Directions for this task: Within the entries below, find the portion that opens with the line containing "開學時,女兒把我們一起完成的" and closes with the line containing "영하 9도까지 기온이". Retype that portion exactly and only.

Provided material:
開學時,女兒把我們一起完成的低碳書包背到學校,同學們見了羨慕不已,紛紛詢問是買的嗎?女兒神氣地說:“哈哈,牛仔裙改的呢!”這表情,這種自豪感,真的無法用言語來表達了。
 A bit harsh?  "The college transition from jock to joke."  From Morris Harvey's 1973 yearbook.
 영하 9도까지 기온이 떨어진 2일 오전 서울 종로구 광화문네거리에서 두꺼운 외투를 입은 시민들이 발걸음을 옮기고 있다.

* * *

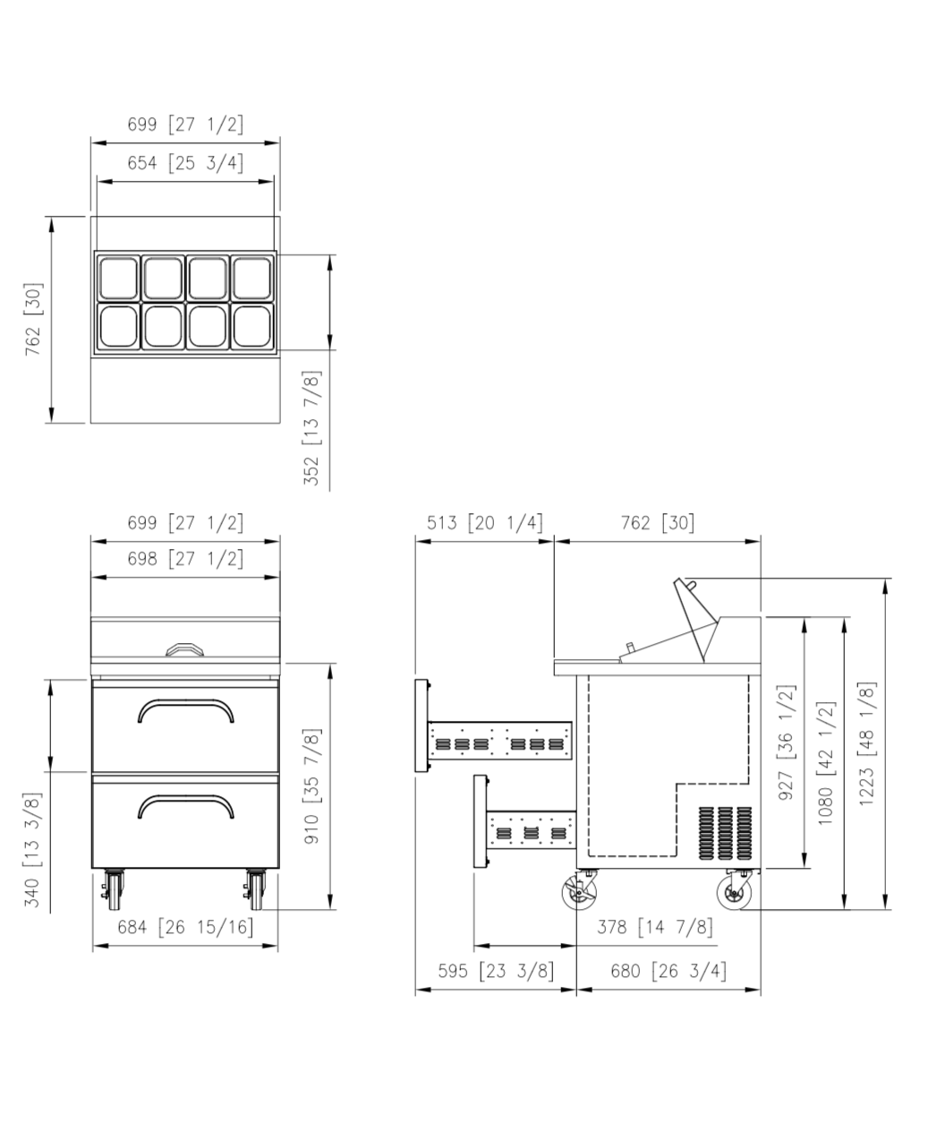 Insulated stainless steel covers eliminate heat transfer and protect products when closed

Task output:
開學時,女兒把我們一起完成的低碳書包背到學校,同學們見了羨慕不已,紛紛詢問是買的嗎?女兒神氣地說:“哈哈,牛仔裙改的呢!”這表情,這種自豪感,真的無法用言語來表達了。
 A bit harsh?  "The college transition from jock to joke."  From Morris Harvey's 1973 yearbook.
 영하 9도까지 기온이 떨어진 2일 오전 서울 종로구 광화문네거리에서 두꺼운 외투를 입은 시민들이 발걸음을 옮기고 있다.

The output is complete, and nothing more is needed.